In the Westminster case, the council’s policy was to place applicants in three bands with those in the third normally offered accommodation outside London.  Ms Adam was offered a home in Worcester Park, on the south-west fringe of the capital and not near to Westminster.

Lewison LJ upheld HHJ Saggerson’s ruling that Westminster was able to make the offer and need not have waited until a home in or nearer the borough became available.

The judge said: “If a housing authority decides to discharge its full housing duty by making a private rented sector offer, I do not consider that it must wait in the Micawberish hope that ‘something will turn up’.

“It follows, in my judgment, that Westminster discharged its duty by inquiring what suitable accommodation was available at the time at which it made its offer.”

Mr Alibkhiet is an Eritrean who in 2014 gained leave to remain in the UK and was later joined by his wife and daughter.
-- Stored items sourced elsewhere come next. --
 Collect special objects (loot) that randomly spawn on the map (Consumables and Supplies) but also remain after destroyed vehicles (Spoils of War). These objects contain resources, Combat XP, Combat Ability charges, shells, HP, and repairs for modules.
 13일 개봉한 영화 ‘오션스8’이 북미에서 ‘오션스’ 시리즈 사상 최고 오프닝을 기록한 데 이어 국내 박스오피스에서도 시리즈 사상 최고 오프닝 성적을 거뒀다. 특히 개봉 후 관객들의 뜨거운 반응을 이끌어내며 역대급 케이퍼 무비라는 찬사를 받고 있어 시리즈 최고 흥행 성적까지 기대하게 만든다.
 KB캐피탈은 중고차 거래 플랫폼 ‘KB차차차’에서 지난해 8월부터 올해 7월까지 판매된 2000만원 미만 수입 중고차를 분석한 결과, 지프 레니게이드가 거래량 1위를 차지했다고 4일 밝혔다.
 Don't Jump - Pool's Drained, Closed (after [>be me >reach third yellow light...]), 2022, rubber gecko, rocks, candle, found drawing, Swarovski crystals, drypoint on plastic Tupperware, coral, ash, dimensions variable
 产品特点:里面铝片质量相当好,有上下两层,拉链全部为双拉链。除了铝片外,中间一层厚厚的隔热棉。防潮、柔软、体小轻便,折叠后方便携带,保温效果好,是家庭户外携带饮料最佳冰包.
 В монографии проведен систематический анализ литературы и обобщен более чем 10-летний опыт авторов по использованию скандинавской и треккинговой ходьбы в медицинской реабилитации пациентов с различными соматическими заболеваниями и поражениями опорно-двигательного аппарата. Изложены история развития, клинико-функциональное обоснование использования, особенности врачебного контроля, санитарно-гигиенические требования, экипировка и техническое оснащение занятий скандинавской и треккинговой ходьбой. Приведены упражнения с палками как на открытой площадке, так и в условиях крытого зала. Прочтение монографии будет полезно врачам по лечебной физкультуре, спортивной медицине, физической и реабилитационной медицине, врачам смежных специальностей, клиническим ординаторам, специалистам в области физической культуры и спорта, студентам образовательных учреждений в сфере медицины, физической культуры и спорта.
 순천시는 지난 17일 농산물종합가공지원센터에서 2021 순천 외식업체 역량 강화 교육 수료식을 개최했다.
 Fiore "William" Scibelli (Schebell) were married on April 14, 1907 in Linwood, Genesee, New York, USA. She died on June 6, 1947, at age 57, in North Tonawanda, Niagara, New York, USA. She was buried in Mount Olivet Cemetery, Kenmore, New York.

He was offered a flat in Smethwick, due to the lack of affordable housing in London, but objected that this would be far from his support networks.
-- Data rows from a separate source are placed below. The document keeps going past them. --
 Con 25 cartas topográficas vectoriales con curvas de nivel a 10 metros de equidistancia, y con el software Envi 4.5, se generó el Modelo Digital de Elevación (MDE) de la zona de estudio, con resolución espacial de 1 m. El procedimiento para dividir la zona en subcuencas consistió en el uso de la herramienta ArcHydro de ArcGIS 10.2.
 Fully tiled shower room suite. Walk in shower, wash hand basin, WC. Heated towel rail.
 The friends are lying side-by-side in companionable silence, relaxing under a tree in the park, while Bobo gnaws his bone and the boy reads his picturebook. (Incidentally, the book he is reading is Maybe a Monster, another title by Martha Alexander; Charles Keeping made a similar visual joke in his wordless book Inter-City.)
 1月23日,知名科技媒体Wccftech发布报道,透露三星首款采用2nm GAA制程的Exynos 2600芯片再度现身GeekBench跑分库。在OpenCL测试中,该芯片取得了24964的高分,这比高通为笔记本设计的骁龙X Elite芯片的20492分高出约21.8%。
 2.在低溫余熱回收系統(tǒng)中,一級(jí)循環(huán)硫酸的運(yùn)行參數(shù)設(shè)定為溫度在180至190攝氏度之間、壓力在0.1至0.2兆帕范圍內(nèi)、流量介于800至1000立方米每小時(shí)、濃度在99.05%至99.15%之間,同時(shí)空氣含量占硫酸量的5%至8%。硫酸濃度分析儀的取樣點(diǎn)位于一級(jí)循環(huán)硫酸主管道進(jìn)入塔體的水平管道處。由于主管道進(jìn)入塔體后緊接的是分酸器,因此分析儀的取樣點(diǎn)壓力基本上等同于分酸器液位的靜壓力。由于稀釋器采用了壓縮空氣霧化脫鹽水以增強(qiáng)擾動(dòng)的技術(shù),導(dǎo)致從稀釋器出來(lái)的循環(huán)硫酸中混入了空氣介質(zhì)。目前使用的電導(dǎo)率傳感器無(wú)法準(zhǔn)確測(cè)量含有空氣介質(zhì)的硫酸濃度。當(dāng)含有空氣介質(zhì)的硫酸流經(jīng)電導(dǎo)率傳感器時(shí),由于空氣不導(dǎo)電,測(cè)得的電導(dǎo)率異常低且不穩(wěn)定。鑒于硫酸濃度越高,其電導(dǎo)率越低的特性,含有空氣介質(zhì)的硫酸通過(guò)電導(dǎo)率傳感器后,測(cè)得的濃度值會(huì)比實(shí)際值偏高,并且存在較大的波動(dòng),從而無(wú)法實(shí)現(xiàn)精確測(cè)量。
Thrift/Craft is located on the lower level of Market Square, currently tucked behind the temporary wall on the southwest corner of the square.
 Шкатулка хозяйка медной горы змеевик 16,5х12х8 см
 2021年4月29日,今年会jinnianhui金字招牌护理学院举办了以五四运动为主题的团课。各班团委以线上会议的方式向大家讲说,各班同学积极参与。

It emerged that a flat was though available in nearby Acton and HHJ Saggerson upheld his appeal against Brent’s decision on “a total absence [of] explanation as to why on the date of the offer the Acton property … was not a property that was offered to this family”.

Lewison LJ said: “In my judgment, although the decision letter could have been better expressed, that was enough to amount to a lawful decision, made in accordance with the policy. Brent therefore succeeds on its ground of appeal.”
Mr Alibkhiet was, in any event, not entitled to the Acton property as “he did not fall into any group entitled to priority for a placement within Greater London”.

He then turned to the decision to offer accommodation in Smethwick. The judge said that once London and the south east were eliminated for reasons of housing pressure, the West Midlands appeared the next available pool of supply.

The judge said: “It is, I suppose, theoretically possible that Brent might have been able to find somewhere in East Anglia or the East Midlands that was closer to Brent than Birmingham as the crow flies; but that places an onerous burden on a housing authority…Brent was not required to scour every estate agent's window between Brent and Birmingham.”